В каждом из перечисленных случаев мы не случайно пишем слово с большой буквы, ссылаясь на наследие XIX века, еще не изжившего свое смыслополагание почти до середины века ХХ. Хотя историческое искусство авангарда и пытается отринуть прошлое, несмотря на всю критику предшественников и эпатаж, художники начала века еще верят в волшебную силу искусства, его (и свое) высокое предназначение, но заглавная буква полностью скомпрометирована трагедией войны — Высокое, Доброе, Вечное вытоптано, уравнено в правах с обыденностью и даже, более того, унижено. После того как все высокие цели потерпели крах, приходит понимание ценности жизни обычной, ничем не прикрашенной, с ее «маленькими» радостями и «простыми» желаниями и потребностями. Так в послевоенный мир Европы приходит поп‑арт с его критикой высокого искусства и вниманием к каждой детали повседневности, осуществляется серьезный поворот в ценностных и художественных ориентирах искусства, приведший к таким изменениям в понимании собственно искусства, отношения к зрителю, концептов художника и произведения, что нам приходится говорить об особых конвенциях, принимаемых при возникновении того, что сегодня называется современным искусством. Оно более демократично, но и более элитарно; требует особой подготовки, а в то же время может считываться иногда и совсем неподготовленным зрителем; вписано в современную городскую среду, но и бежит от нее очень далеко, в пустыни и снежные поля ленд‑арта.
Но, наверное, один из важнейших поворотов, произошедших в искусстве ХХ века, это архивный поворот, стремление сохранить документальные свидетельства о каждом дне прожитой жизни. Очевидно, что этот поворот не произошел бы или был бы не так ярко выражен, если бы не опыт Холокоста, обозначивший цезуру, разрыв в исторической памяти, в том смысле, в каком память является отражением исторической последовательности. Для осознания такого рода последовательности требуется осуществить определенную работу рефлексии о прошлом, которой интуитивно сопротивляется посттравматическое состояние европейской культуры.
Нужно сказать, что история также является недавно осознанным фактом искусства. В искусстве XIX века имел место пересказ событий, в котором виделся некий урок для настоящего, но «урока» в том повествовательном и выспреннем ключе, который существовал ранее, после войны быть не может.

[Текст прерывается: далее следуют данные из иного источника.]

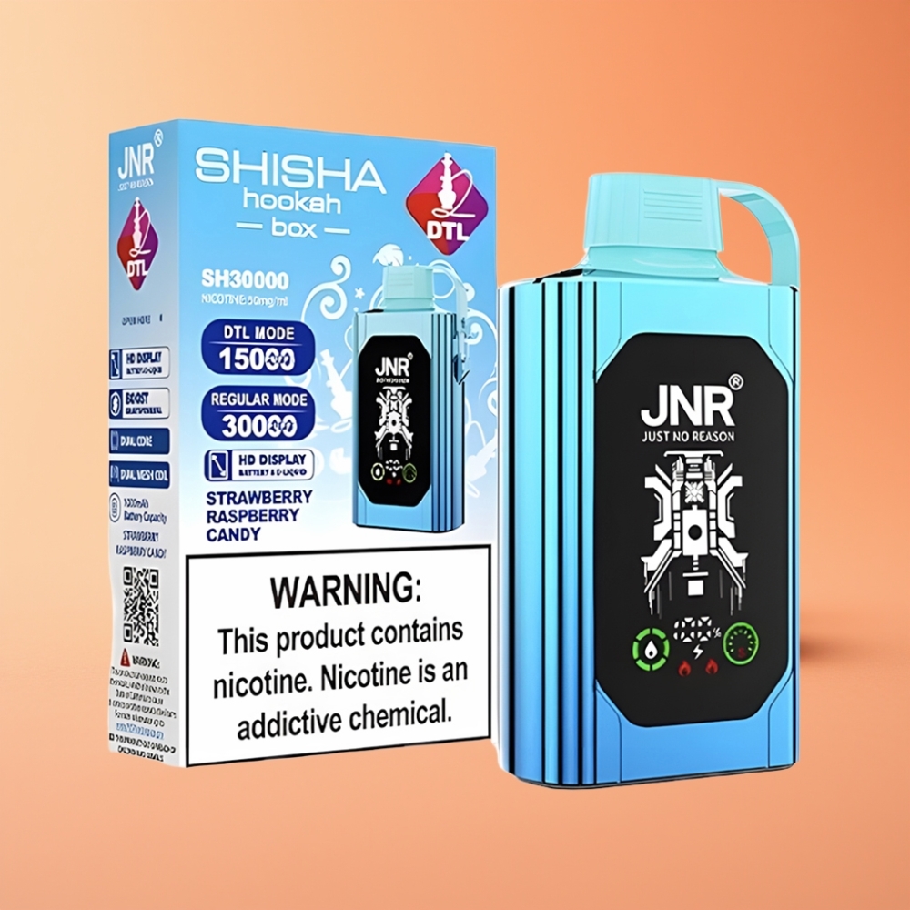 JNR Shisha Hookah Box 20500 Puffs Engangs Vape Jordbær Hindbær Candy & Type-C Hurtigopladning

И если сразу после нее, в 1950‑х — начале 1960‑х, эта реакция выразилась в критике особого статуса искусства, «гениального» и «высокого», в пристальном внимании к «маленькому человеку» и его судьбе, то уже с 1970‑х годов и далее мы можем говорить о том, что от истории в ее обезличенной трактовке современные художники, осмысляющие опыт травмы, приходят к категории «памяти». В отличие от истории память, даже общая память поколения, имеет дело с опытом отдельного человека, и именно это свойство памяти стало важным фактором искусства, ставящего задачу документации обычной человеческой судьбы.
Таким художником является Кристиан Болтански, в творчестве которого объект искусства исчезает, уступая место свидетельствам, игре памяти, следу, словам. В 2010 году в парижском Гран Пале, в рамках программы «Monumenta», Болтански представил инсталляцию «Personnes»: название труднопереводимо, потому что включает в себя сразу два смысла. Один: люди, безвестные, не имеющие имени. Второй: здесь никого нет, вернее, эти люди, существующие лишь в столь неопределенном означивании, здесь не присутствуют. И самое определенное, что можно о них сказать, — отметить этим словом их отсутствие.
Инсталляция представляла собой груду ношеной разноцветной одежды, которая располагалась в конце нефа Гран Пале, а по всей его длине одежда была выложена на полу рядами, и регулярные ряды когда‑то кому‑то принадлежавших вещей взывали к памяти и невозможности памяти о той рациональности, с которой нацисты совершали убийства в концлагерях и распределяли пожитки убитых. Груда одежды время от времени ворошилась возникающей сверху «рукой» (крюком), прикрепленной к крану; горстка одежд, как тела, выбранные из общего клубка сплетенных судеб, ушедших в небытие, вновь поднималась в воздух, будто на миг отразившись в памяти, а потом снова падала, возвращаясь в общую кучу, в никуда.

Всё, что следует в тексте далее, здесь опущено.